[Material provided]
[Start of section]

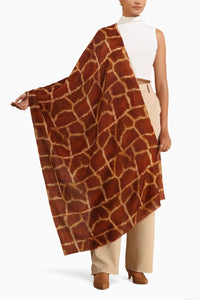 The Stacy stole, crafted from cashmere fine wool, boasts a stylish animal print design. Luxuriously soft and warm, it adds a touch of glamour to any outfit. Versatile for various occasions, it effortlessly elevates your ensemble with trendiness and comfort.
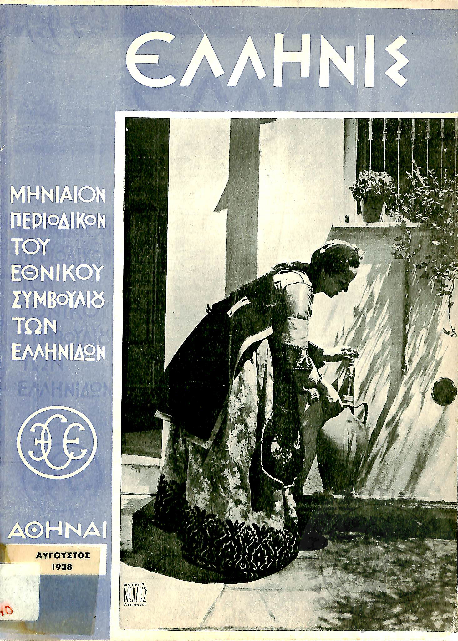 Ελληνίς: μηνιαίον περιοδικόν του Εθνικού Συμβουλίου των Ελληνίδων (1938, τεύχ. 8)Έτος ΙH΄, τεύχ. 8...
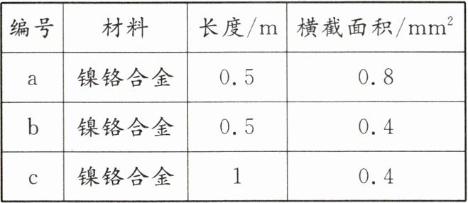 | 编号 | 材料 | 长度/m | 横截面积$/mm^2 $|
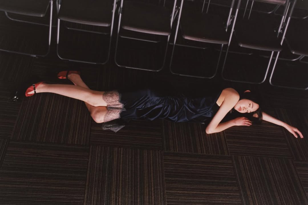 The title Landscapes gestures toward terrain, not only geographic but emotional. Office-like tailoring appeared alongside distorted knitwear, as if routine life had been gently tilted off axis. A striped knitted suit echoed the carpet of the venue itself, folding the outside world back into the garments. Clothing became a surface where interior states and external environments met.
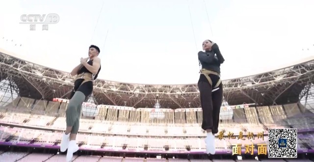 这是《钱塘潮涌》篇章中的双人3D威亚节目,展现了勇立潮头的波澜壮阔场景,这也是世界上首次在大型运动场空间中使用双3D威亚技术。
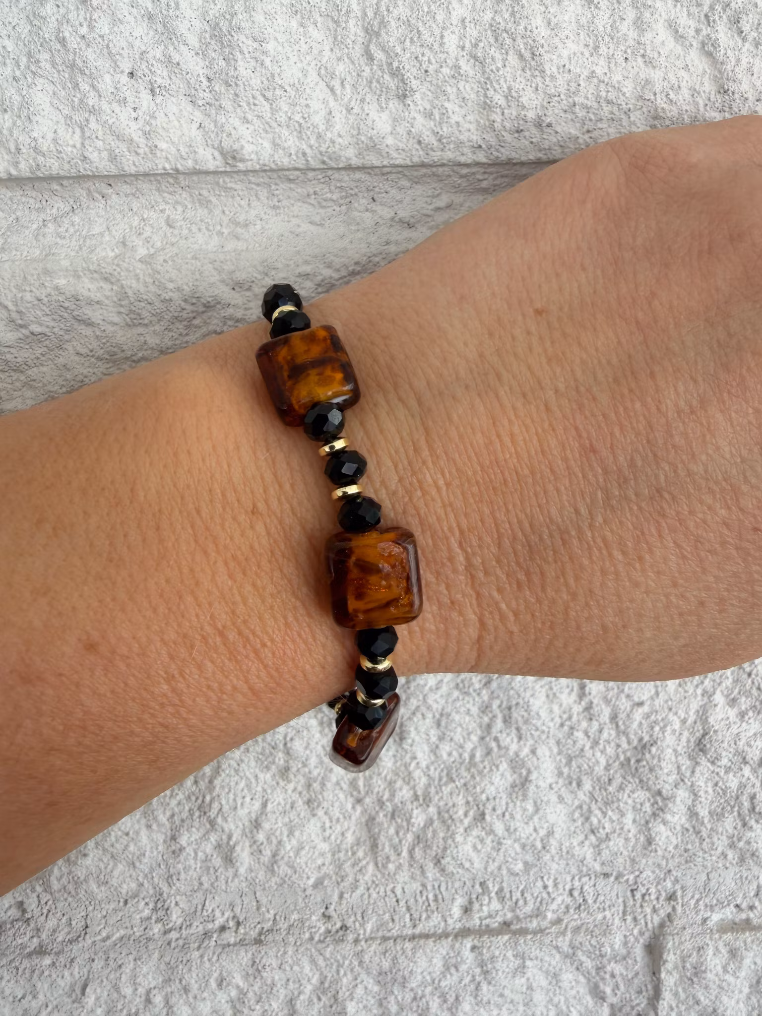 Trendigt armband med stora fyrkantiga leopardmönstrade glaspärlor i ett vackert mönster med facetterade svarta glaskristallpärlor och 18K guldpläterade pärlor i hematit. Armbandet avslutas med min karaktäristiska signaturpärla.
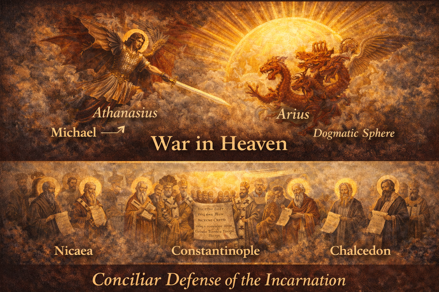 The Apocalypse portrays a dragon cast down through heavenly conflict. In historical reality, the “war” against Arianism was waged through creeds, exiles, pastoral letters, and ascetic endurance. The councils functioned as the Church’s Michaelic counterstroke: the defense of the Incarnate Son against a doctrine that sought to reduce Him to creaturehood.
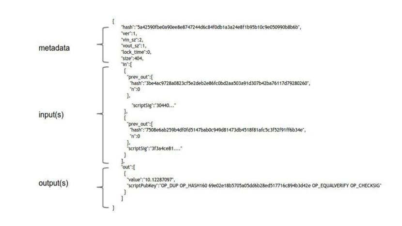 Что качается метаданных, здесь есть некоторая информация о самой транзакции – размер транзакции, количество входов и количества выходов.
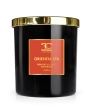 EKSKLUZYWNY ZAPACH w szklanym czarnym pojemniku z wewnętrzną lustrzaną powierzchnią w złotym kolorze i metalowym wieczkiem.
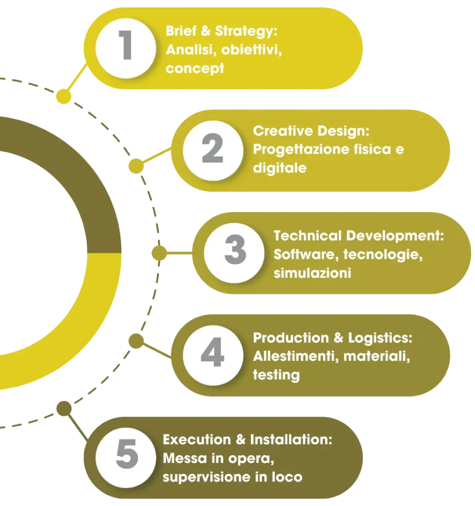 Ascoltiamo i bisogni del cliente, creiamo soluzioni su misura e le trasformiamo in esperienze fisiche o digitali, massimizzando impatto e ritorno dell’investimento.
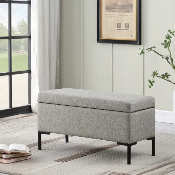 Fill Your Home With Extra Seating, Style, And Storage! With Hide-Away Storage Space And A Chic Modern Design, Gray Woven Polyester Storage Bench Has It All! Bench Measures 32L X 16.5W X 17.5H In.Crafted With A Metal Frameupholstered In 100% Polyester Fabric With A Foam Fillgray Finish With Matte Black Legsfeatures A Woven Textured Designhinged Bench Top Lifts To Reveal Storage Spaceweight Capacity: 250 Lbs.Some Assembly Requirednot Intended For Commercial Usecare: Spot Clean Only. Not Safe For Outdoor Use.This Item Is Available At Kirklands.Com Only, Not Available In Stores. Please Note: This Item Cannot Be Shipped To Apo/Fpo Addresses.
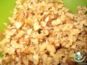 Тем временем острым ножом мелко рубим грецкие орехи (можно измельчить в блендере, если не очень нравится выраженный ореховый вкус). Чеснок мелко рубим.
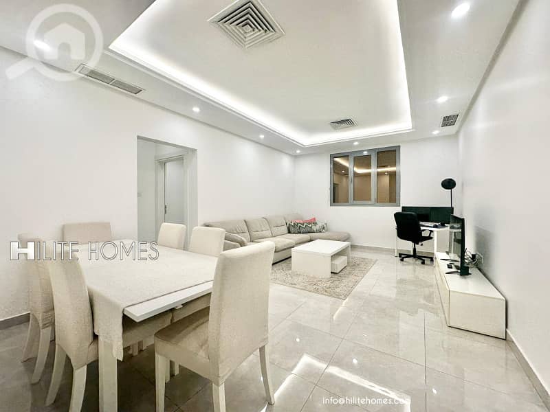 A well-maintained furnished three bedroom apartment is available for rent in the prime residential area of Abu Halifa.
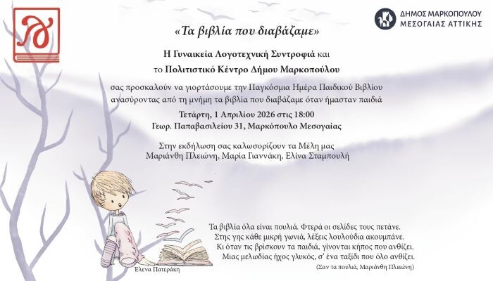 Η Γυναικεία Λογοτεχνική Συντροφιά σε συνεργασία με το Δήμο Μαρκοπούλου, στο πλαίσιο του προγράμματος «Τα βιβλία που διαβάζαμε», αναβιώνει την παλαιότερη δράση της αγαπημένης μας συγγραφέως Αγγελικής Βαρελλά και σας καλούν να γιορτάσουμε την Παγκόσμια Ημέρα Παιδικού Βιβλίου, ανασύροντας από τη μνήμη τα βιβλία που διαβάζαμε όταν ήμασταν παιδιά.
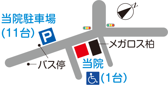 柏6丁目バス停下車、右斜め向かいが当院です。
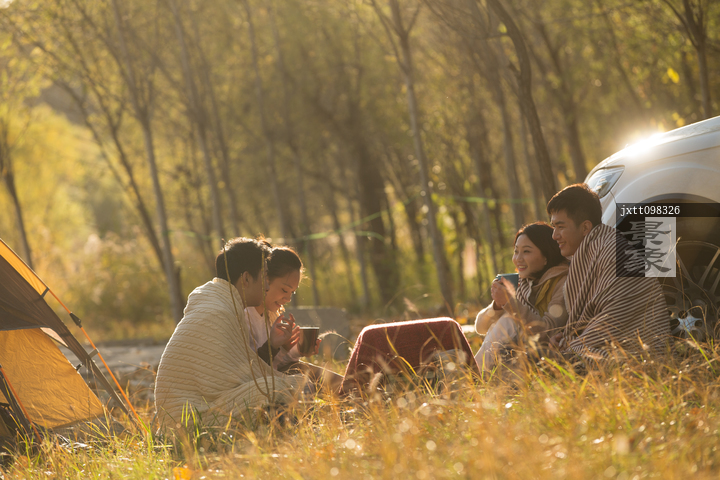 图片标题: 青年男女在户外露营
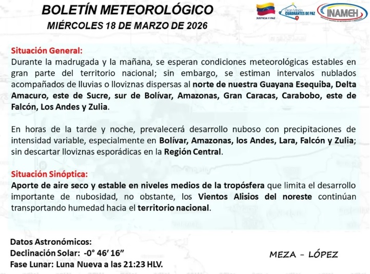Este miércoles durante la mañana se esperan condiciones meteorológicas estables en gran parte del territorio nacional; sin embargo, se estiman intervalos nublados acompañados de lluvias o lloviznas dispersas al norte de la Guayana Esequiba, Delta Amacuro, este de Sucre, sur de Bolívar, Amazonas, Gran Caracas, Carabobo, este de Falcón, Los Andes y Zulia.
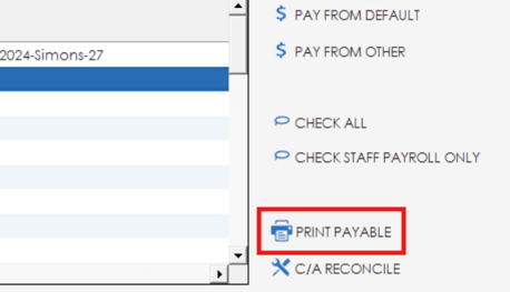 To print a list of all payable items in the payables list, click the "Print Payables" icon.
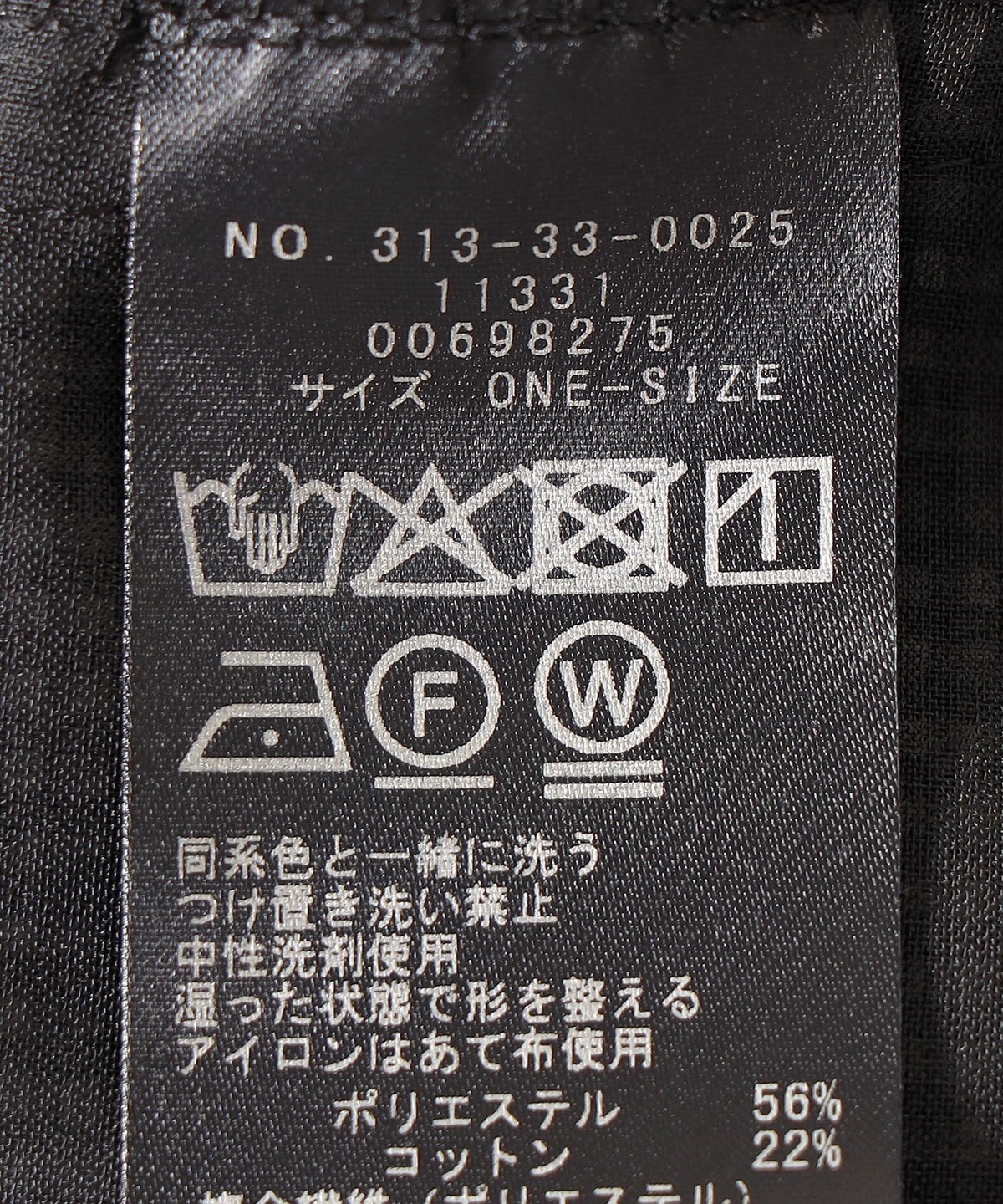 素材:ポリエステル56%、コットン22%、複合繊維(ポリエステル)22%
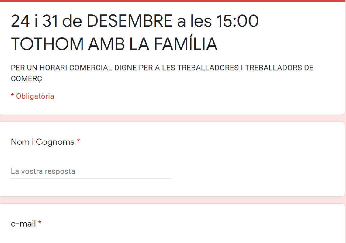 La UGT-Terres de Lleida recull firmes per un horari comercial digne. El sindicat demana que els dies 24 i 31 només s'obri el comerç fins a les 15h

[End of section]

Your output is the lines from the top of the entries through the line containing "Ascoltiamo i bisogni", exactly as they stand. No pictures belong in it.

[Answer section]
 The Stacy stole, crafted from cashmere fine wool, boasts a stylish animal print design. Luxuriously soft and warm, it adds a touch of glamour to any outfit. Versatile for various occasions, it effortlessly elevates your ensemble with trendiness and comfort.
 Ελληνίς: μηνιαίον περιοδικόν του Εθνικού Συμβουλίου των Ελληνίδων (1938, τεύχ. 8)Έτος ΙH΄, τεύχ. 8...
 | 编号 | 材料 | 长度/m | 横截面积$/mm^2 $|
 The title Landscapes gestures toward terrain, not only geographic but emotional. Office-like tailoring appeared alongside distorted knitwear, as if routine life had been gently tilted off axis. A striped knitted suit echoed the carpet of the venue itself, folding the outside world back into the garments. Clothing became a surface where interior states and external environments met.
 这是《钱塘潮涌》篇章中的双人3D威亚节目,展现了勇立潮头的波澜壮阔场景,这也是世界上首次在大型运动场空间中使用双3D威亚技术。
 Trendigt armband med stora fyrkantiga leopardmönstrade glaspärlor i ett vackert mönster med facetterade svarta glaskristallpärlor och 18K guldpläterade pärlor i hematit. Armbandet avslutas med min karaktäristiska signaturpärla.
 The Apocalypse portrays a dragon cast down through heavenly conflict. In historical reality, the “war” against Arianism was waged through creeds, exiles, pastoral letters, and ascetic endurance. The councils functioned as the Church’s Michaelic counterstroke: the defense of the Incarnate Son against a doctrine that sought to reduce Him to creaturehood.
 Что качается метаданных, здесь есть некоторая информация о самой транзакции – размер транзакции, количество входов и количества выходов.
 EKSKLUZYWNY ZAPACH w szklanym czarnym pojemniku z wewnętrzną lustrzaną powierzchnią w złotym kolorze i metalowym wieczkiem.
 Ascoltiamo i bisogni del cliente, creiamo soluzioni su misura e le trasformiamo in esperienze fisiche o digitali, massimizzando impatto e ritorno dell’investimento.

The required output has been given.